CorrectSequence Therapeutics (Correctseq), a biotechnology company using innovative base editing technology to help people with severe disease, today announced that Dr. Susan Mou, CEO of Correctseq and Dr. Lijie Wang, head of Gene Editing Platform of Correctseq, will attend the 18th Academy for Sickle Cell and Thalassaemia Conference (ASCAT) at the County Hall London, UK on October 25-28, 2023. Dr. Lijie Wang, will give an oral presentation on Oct. 28, at 9:00 am - 11:15 am, local time.
Date: October 28, 2023
Time: 9:00 am - 11:15 am
Title: Development of Best-in-Class Gene Editing Therapy for β-Hemoglobinopathies Using Innovative Transformer Base Editor (tBE)
Location: County Hall, London, United Kingdom
CS-101 is an ex vivo gene editing hematopoietic stem cell therapy which uses tBE to reactivate γ-globin of hematopoietic stem cells for the treatment of β-hemoglobinopathies including β-thalassemia and sickle cell disease. Compared with Cas nuclease gene editing therapy and regular base editing therapy, tBE exhibits higher γ-globin induction, lower cytotoxicity, and undetected off-target mutations.
“We are very glad to be invited to participate in ASCAT Conference. This is our first presentation to the worldwide to introduce our base editing technologies. Thanks to the organizer of ASCAT Conference for the recognition and this opportunity.” Dr. Susan Mou, CEO of Correctseq said, “The advantages of tBE will help us to develop a potential best-in-class gene editing therapy for β-hemoglobinopathies. We have successfully scaled up the cell manufacturing process from laboratory to clinical and even commercial levels. The tBE-edited hematopoietic stem cells exhibited long-term safety and efficacy in mice for more than 6 months. In addition, CS-101 IND package is compliance with ICH, China, US, and EU regulatory guidelines. We are looking for collaboration opportunities with global partners to expand the scope of CS-101 clinical study, hopefully to benefit more patients worldwide.”
About CorrectSequence Therapeutics
CorrectSequence Therapeutics (Correctseq) aims to use our innovative base editing technology to help people with severe diseases.

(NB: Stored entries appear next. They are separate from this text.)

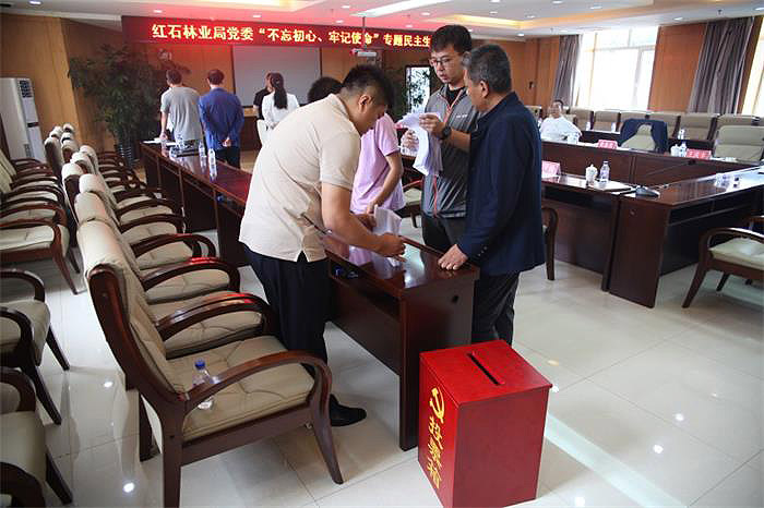 会议最后,与会人员对红石林业局主题教育开展情况进行测评投票,对主题教育开展情况作出客观公正的评价。
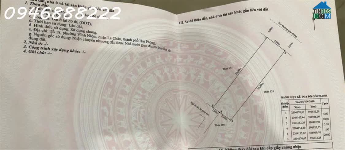 Khu 5 Vĩnh Niệm - Cạnh sát AEON MALL - Phân lô đẳng cấp nhất Lê Chân Diện tích: 100m2 - Ngang 5. 0m Hướng: Đông Bắc Lô đất phân lô đường 15m - Vỉa hè..
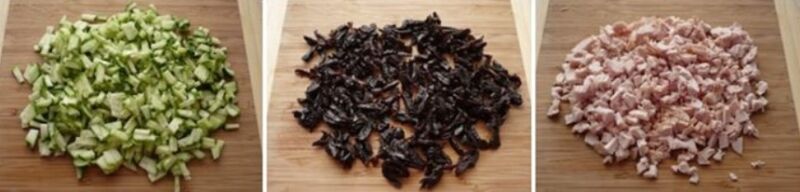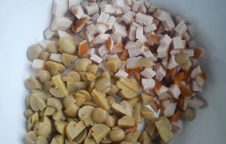 1. М’ясо зняти з кісток, порізати невеликим кубиком. Гриби порізати шматочками (не плоскими скибочками, а саме об’ємними шматочками).
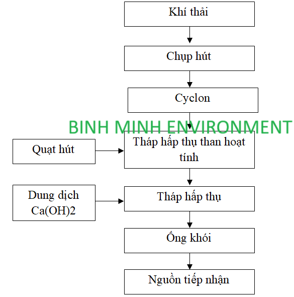 Bên trong tháp hấp thụ, dòng khí có chứa chất ô nhiễm được quạt hút theo chiều từ dưới lên, còn dung dịch Ca(OH)2 được phun từ trên xuống. Khi dòng khí thải tiếp xúc với dung dịch hấp thụ, các thành phần ô nhiễm bị giữ lại thông qua việc hòa tan hoặc bị biến đổi tính chất, trở thành chất không độc hại và khí sạch đạt tiêu chuẩn sẽ theo ống khói thoát ra môi trường.
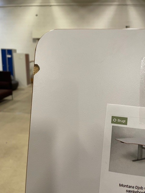 Bemærk! Mindre hak i forkant samt en lidt større på højre kant. Desuden er der hul fra bordskærm i hvert hjørne.
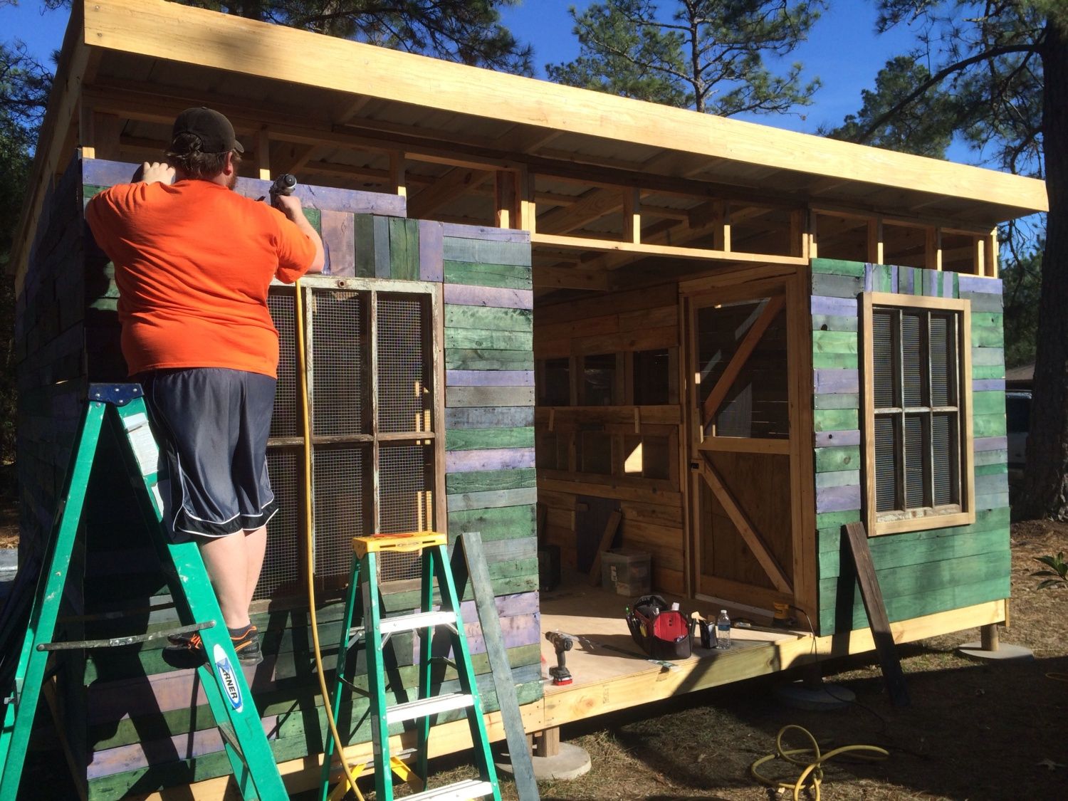 The window needs to be framed. There's one pop door left to install. Then the rafter piece on the north side. A frame for the goat window. And DONE.![]()
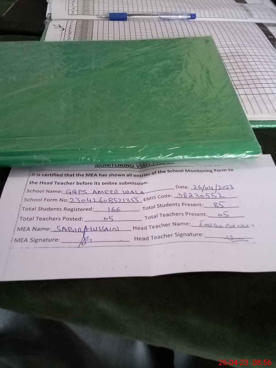 | EMIS Code: 38230552 | Name of School: GGPS AMIR WALA | |||
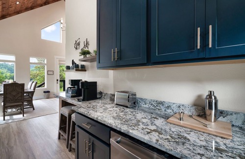 The fully stocked galley kitchen includes stainless steel appliances, granite countertops, and all the essentials for cooking romantic meals. The large dining table doubles as a perfect spot for meals, work, or games. Coffee lovers will adore the custom coffee bar with a Keurig Duo, Nespresso Vertuo, and milk frother.
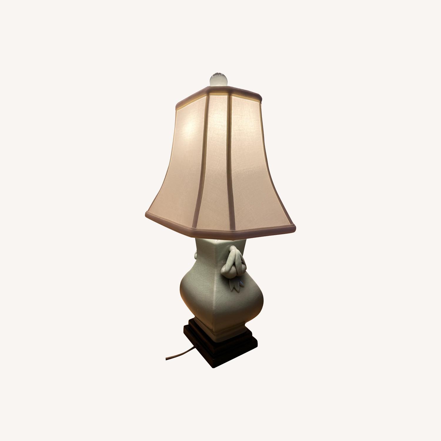 Seller's Notes:From Scully & Scully comes this elegant handmade celadon green porcelain table with matching hand painted porcelain finial and unique amphora-style pomegranate handle detailing. The lamp comes with a lined and piped off-white shade. The lamp accommodates a three-way bulb up to 150 watts, which is included. The on-off switch is on the socket. At the base of the shade, the compact lamp measures 12" in width x 9" in depth, and the entire lamp measures 23" to the top of the matching hand painted porcelain finial. The base of the lamp itself measures 5.25" in width and 4.25" in depth, and, at its widest point, the body of the lamp is 6 inches wide and 5 inches in depth. This beautiful lamp has been well taken care of. It is in perfect working order and in flawless condition.
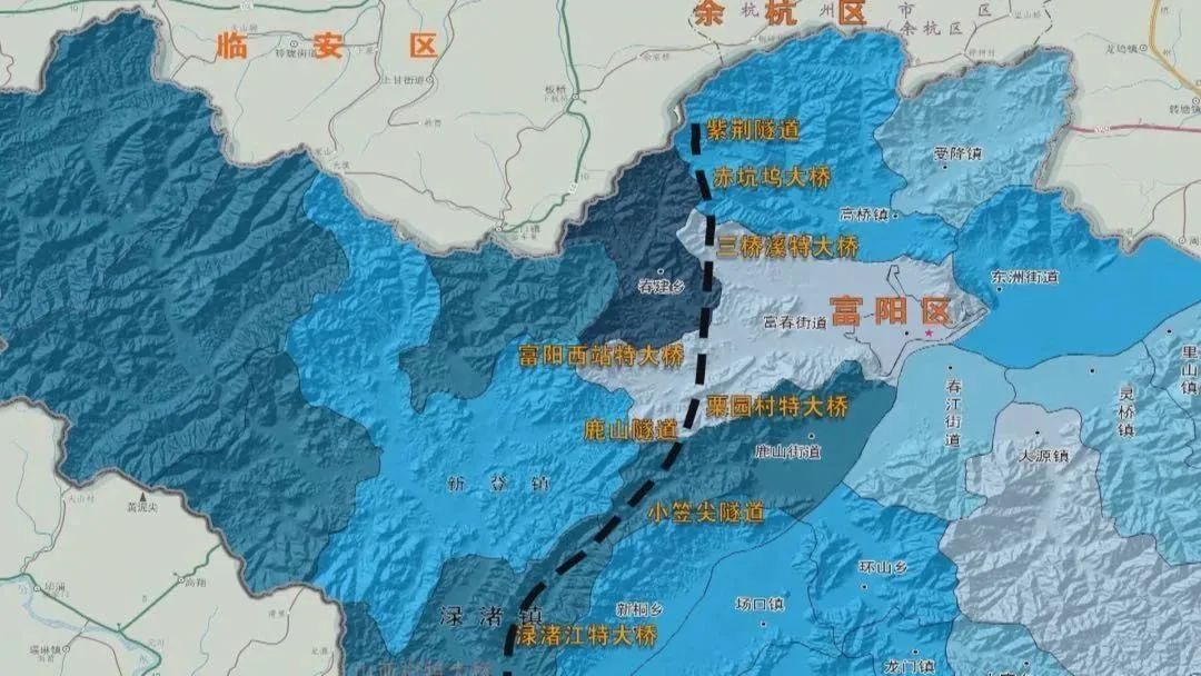 2021年5月21日全线最长隧道鹿山隧道贯通,富阳段提前40天率先实现全线隧道贯通,目前,富阳段路基、桥梁桩基、架梁等全部完成,正在进行无砟轨道铺设施工;

We have developed multiple base editing systems and our base editors offer significant advantages in controlling off-target effects and improving in vivo editing efficiency. Our base editing studies were published in high-profile scientific journals including Nature Biotechnology, Nature Cell Biology, Nature Structural & Molecular Biology, Cell Research and Cell Reports.
Our goal is to discover, develop, manufacture, and commercialize curative genetic medicines for various diseases. Multiple pipelines for genetic diseases, cancer immunotherapy, metabolic diseases, and infectious diseases are well underway. We have set up R&D and manufacturing centers in Shanghai, as well as the regulatory and clinical center in Beijing. Our world-class R&D laboratory, CMC process development laboratory and cGMP manufacturing facility guarantee the rapid translation and application of our innovative research.
We focus on biotechnology innovation, research and development and are committed to providing efficient, reliable and safe solution for unmet medical needs.